▶ _DATA BLOCK_:

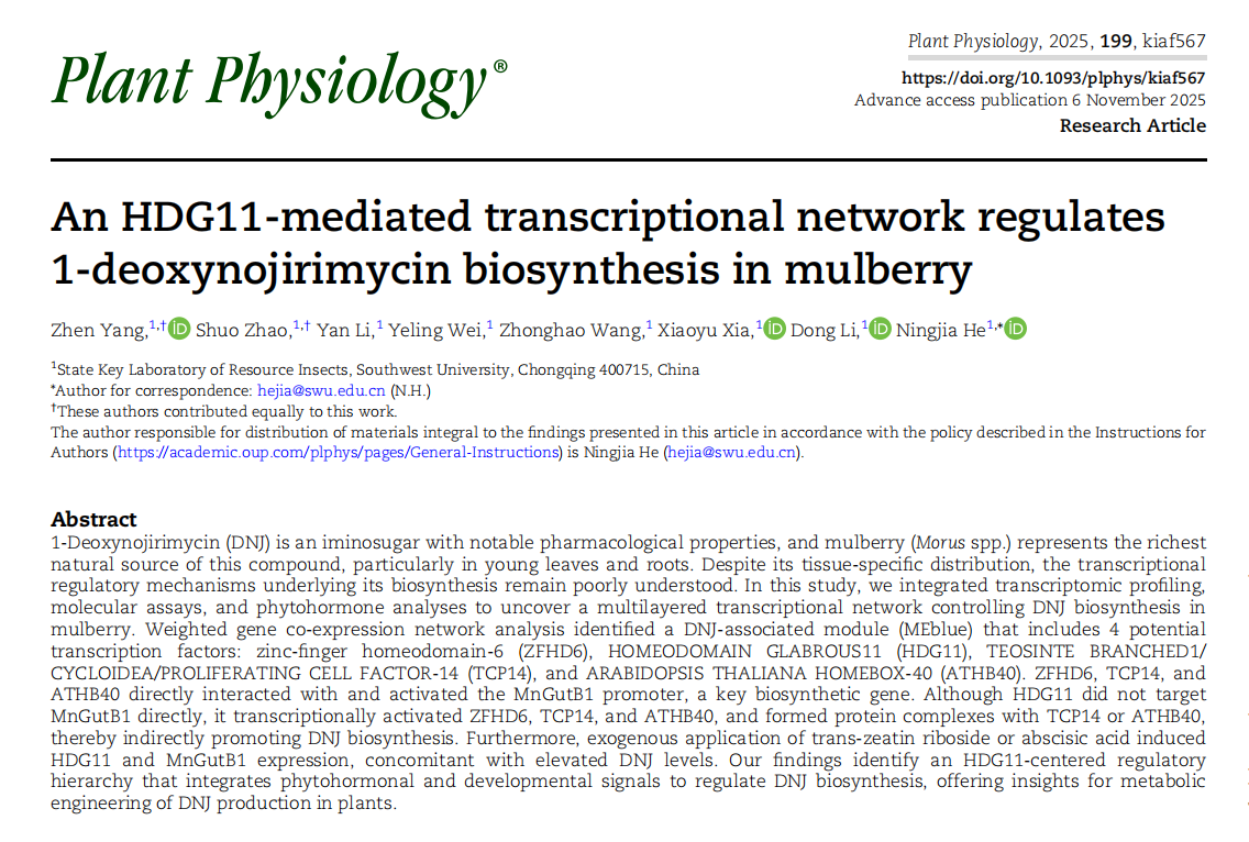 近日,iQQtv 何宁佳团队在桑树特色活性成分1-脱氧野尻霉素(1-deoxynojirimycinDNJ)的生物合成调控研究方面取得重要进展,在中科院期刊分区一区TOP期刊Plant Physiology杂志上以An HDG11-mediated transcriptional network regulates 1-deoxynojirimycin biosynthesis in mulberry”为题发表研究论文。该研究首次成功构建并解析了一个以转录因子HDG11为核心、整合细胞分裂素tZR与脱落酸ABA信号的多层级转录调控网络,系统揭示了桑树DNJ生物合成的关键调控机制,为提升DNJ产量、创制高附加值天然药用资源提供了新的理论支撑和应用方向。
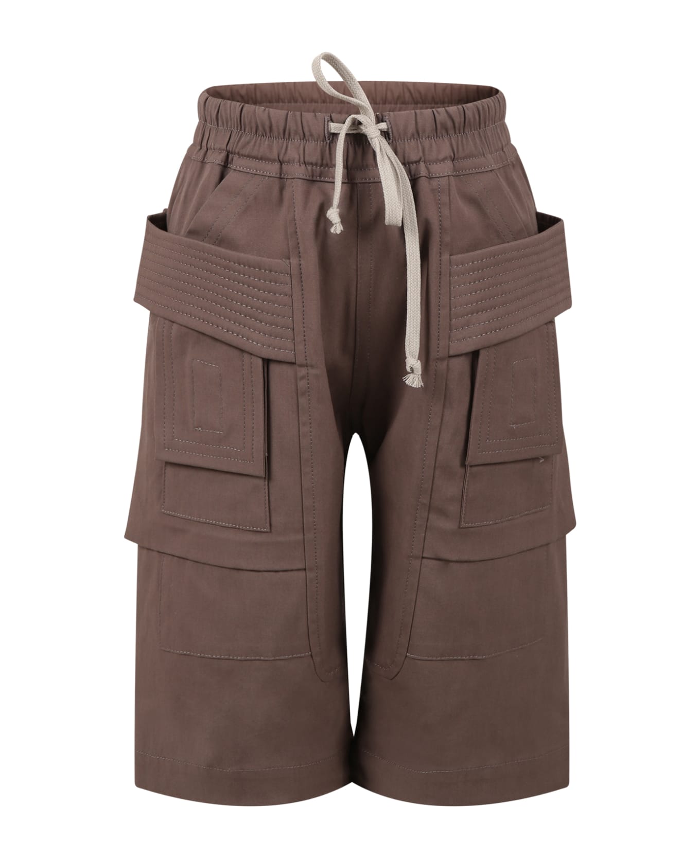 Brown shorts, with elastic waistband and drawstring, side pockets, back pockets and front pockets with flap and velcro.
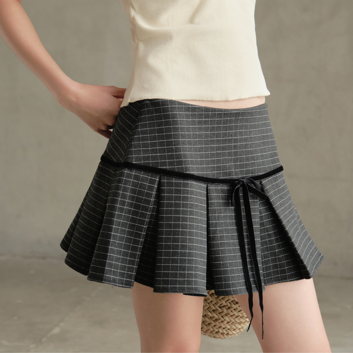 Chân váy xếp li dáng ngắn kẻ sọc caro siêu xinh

▶ _EXERCISE OBJECTIVE_: Apart from the pictures, all of the data should be repeated exactly.

▶ _ANSWER SPACE_:
 近日,iQQtv 何宁佳团队在桑树特色活性成分1-脱氧野尻霉素(1-deoxynojirimycinDNJ)的生物合成调控研究方面取得重要进展,在中科院期刊分区一区TOP期刊Plant Physiology杂志上以An HDG11-mediated transcriptional network regulates 1-deoxynojirimycin biosynthesis in mulberry”为题发表研究论文。该研究首次成功构建并解析了一个以转录因子HDG11为核心、整合细胞分裂素tZR与脱落酸ABA信号的多层级转录调控网络,系统揭示了桑树DNJ生物合成的关键调控机制,为提升DNJ产量、创制高附加值天然药用资源提供了新的理论支撑和应用方向。
 Brown shorts, with elastic waistband and drawstring, side pockets, back pockets and front pockets with flap and velcro.
 Chân váy xếp li dáng ngắn kẻ sọc caro siêu xinh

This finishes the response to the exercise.